---February 19, 2003---


Special Joke Edition- Featuring several contributed articles.

News:
     Last week, the scouts hosted a special meeting for a handful of visiting scouts.  This gave everyone the chance to show off their memorabilia and test their knowledge of troop history by taking a pop quiz.  We are awaiting the results, but the smartest patrol *cough* *Rams* *cough* will receive 3 points for the patrol competition.  The current numbers are:
             Rams 11
             Dawgs 9
             Wolverines 6
             Vikings 4  ....Might want to fix that...
       This week's E-agle is packed full of jokes.  Why?  Because you guys actually sent me some.  Keep it up.  Confucius: we're waiting to here your words of wisdom.  We also need someone to take over the horoscope and weather.  (If you can make weather interesting, we'll GIVE YOU Public Speaking...kidding)

Articles:
      
"Thy Lovely Hills", a Tribute to COI
-By Ryan Bajan

When I first saw you standing there, I felt
Your awesome beauty melt my heart away.
I love to look at lovely hills for help,
To understand the things I cannot say.
The rushing of thy crystal waters, catch
A corner of my eye that glimpses thee.
Your coasting beauty flows without a match,
A sound that forever entertains me.
I look unto thy boughs with love and hope
For you give life and air to all who breathe.
And in the night, your arms give the wings a home
Thy way of life, a root that lives in me.
These roaring hills will always be enough,
To satisfy my soul with wondrous love.

Jokes of the Week:
      Here it goes...

Parking Tickets

I went to the store the other day, and I was in there for only about five
minutes.

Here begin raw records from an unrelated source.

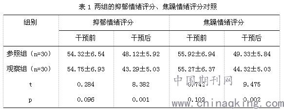 接受护理干预前,对两组产妇的抑郁情绪评分、焦躁情绪评分进行组间对比,差异不存在统计学意义(P>0.05)。接受护理干预后,两组产妇的抑郁情绪评分、焦躁情绪评分均明显降低(P<0.05),且两组组间对比,差异存在统计学意义(P<0.05),与参照组相比较,观察组产妇的抑郁情绪评分、焦躁情绪评分显著降低(P<0.05)。如表1所示。
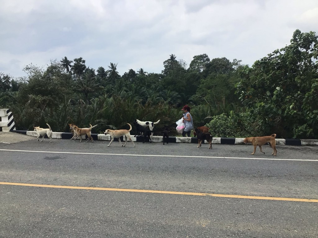 Nous continuons notre pérégrination vers le sud. Comme ces nombreux chiens errants que l’on croise sur notre route. Cette femme vient leur apporter des croquettes. Sans cela, je me demande de quoi ils se nourrissent.
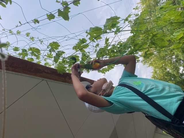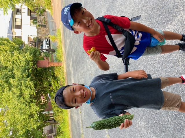 今回はゴーヤの収穫の模様と、きれい咲いたアサガオのご紹介です

When I came out there was a motorcycle cop writing a parking
ticket. So I went up to him and said, "Come on, buddy, how about giving a
guy a break? There are no handicapped vehicles in the area. I was only
inside for a minute."  He ignored me and continued writing the ticket. So I
called him a pencil-necked Nazi. He glared at me and started writing
another ticket for worn tires! So I called him a piece of horse s**t. He
finished the second ticket and put it on the  windshield with the first.
Then he started writing a third ticket! This went on for about 20
minutes... the more I abused him, the more tickets he wrote. I didn't care.
  My car was parked around the corner....

 

Tonto and the Lone Ranger

The Lone Ranger and Tonto are camping in the desert, have set up their tent, and are sound asleep. Some hours later, The Lone Ranger wakes his faithful friend. "Tonto, look up at the sky and tell me
what you see."

Tonto replies, "I see millions of stars."

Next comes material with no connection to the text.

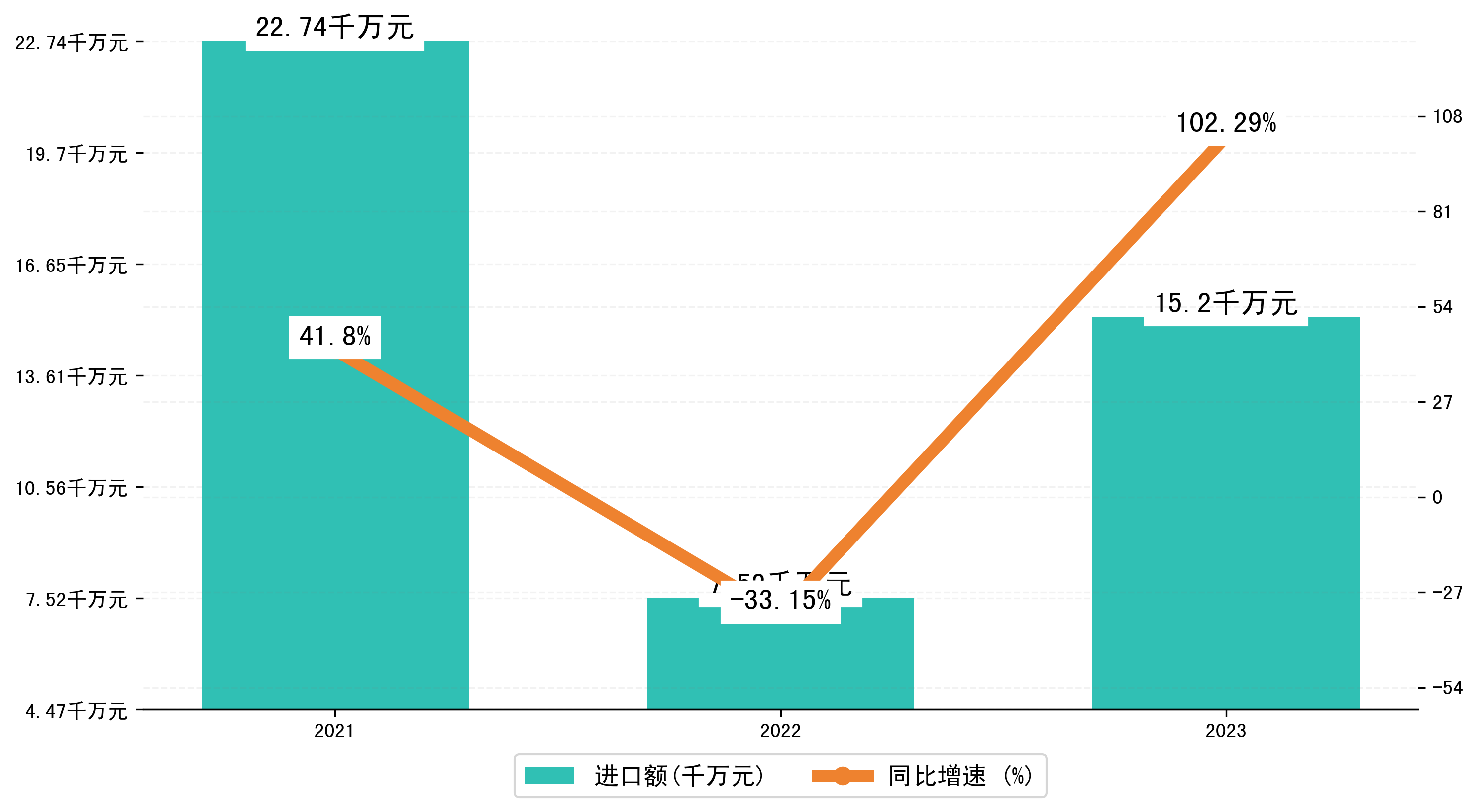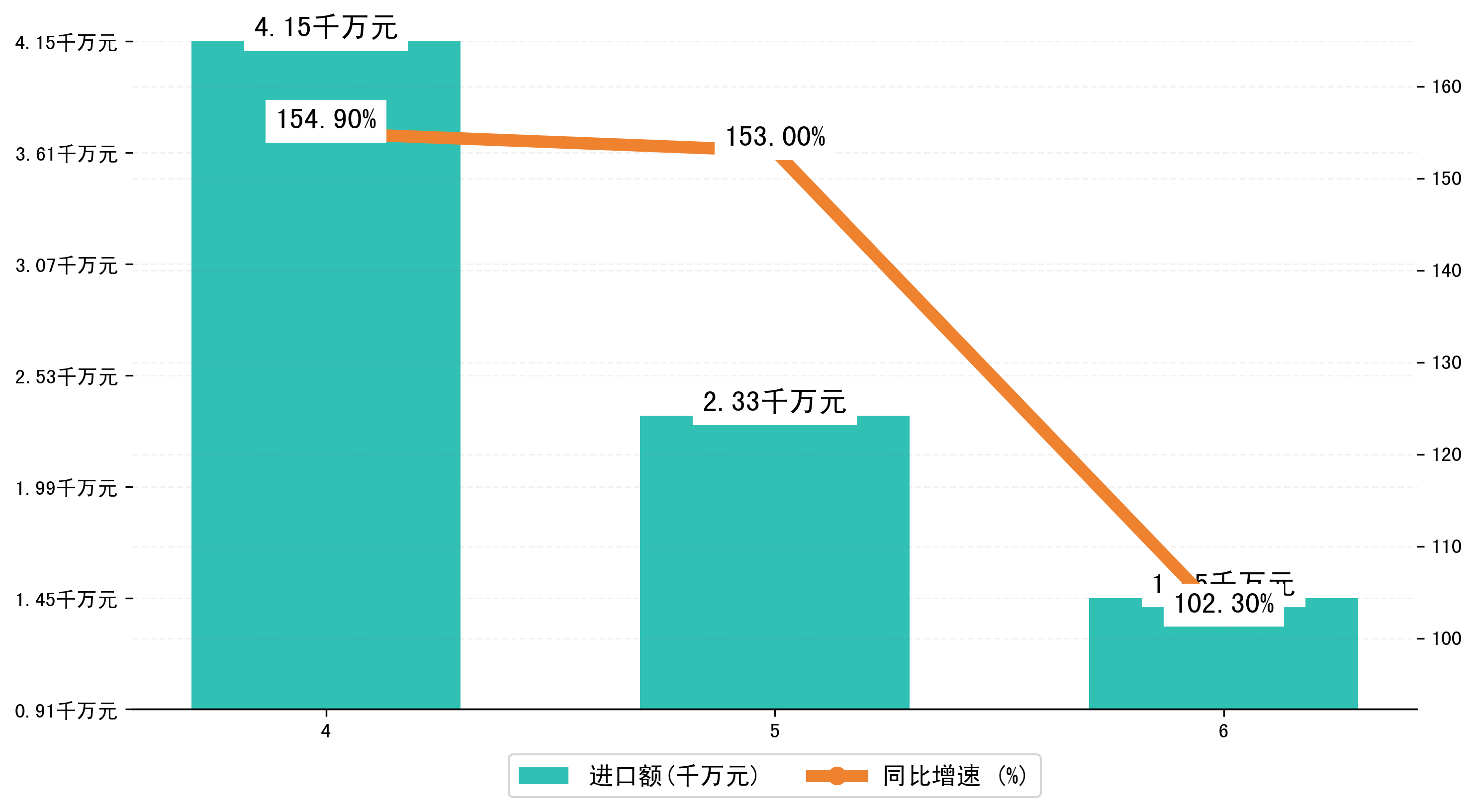 以人民币计,2023年1-6月淮南市进口额为1,5203.1602万元,相比上年同期增加了7687.7078万元,同比增加了102.30%。

"What does that tell you?" asks The Lone Ranger.

Tonto ponders for a minute.

"Astronomically speaking, it tells me that there are millions of galaxies and potentially billions of planets. Astrologically, it tells me that Saturn is in Leo. Time wise, it appears to be approximately
a quarter past three.  Theologically, it's evident the Lord is all powerful and we are small and insignificant. Meteorologically, it seems we will have a beautiful day tomorrow. What's it tell you, Kemo Sabi?"

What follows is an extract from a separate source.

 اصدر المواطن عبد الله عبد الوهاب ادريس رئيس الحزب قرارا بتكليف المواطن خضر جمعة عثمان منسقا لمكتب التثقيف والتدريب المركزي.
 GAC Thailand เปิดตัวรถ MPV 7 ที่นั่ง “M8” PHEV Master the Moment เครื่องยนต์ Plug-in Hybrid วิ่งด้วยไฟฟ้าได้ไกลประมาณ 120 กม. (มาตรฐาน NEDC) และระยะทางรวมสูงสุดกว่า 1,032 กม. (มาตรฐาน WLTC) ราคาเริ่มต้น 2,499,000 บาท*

The Lone Ranger is silent for a moment, gently shakes his head, then speaks.

"Tonto, you idiot, someone has stolen our tent."

 


CUSTOMER SERVICE CALL

This has got to be one of the funniest I've heard of in a long time. I think this guy should have been promoted, not fired. This is a true story from the Word Perfect Help line which was transcribed from a recording monitoring the customer care department. Needless to say the Help Desk employee was fired; however, he is currently suing the Word Perfect organization for "Termination without Cause."
"Ridge Hall computer assistance; may I help you?"

"Yes, well, I'm having trouble with Word Perfect."

"What sort of trouble?"

"Well, I was just typing along, and all of a sudden the words went away."

"Went away?"

"They disappeared."

"Hmm. So what does your screen look like now?"

"Nothing."

"Nothing?"

"It's blank; it won't accept anything when I type."

"Are you still in WordPerfect, or did you get out?"

"How do I tell?"

"Can you see the C: prompt on the screen?"

"What's a sea-prompt?"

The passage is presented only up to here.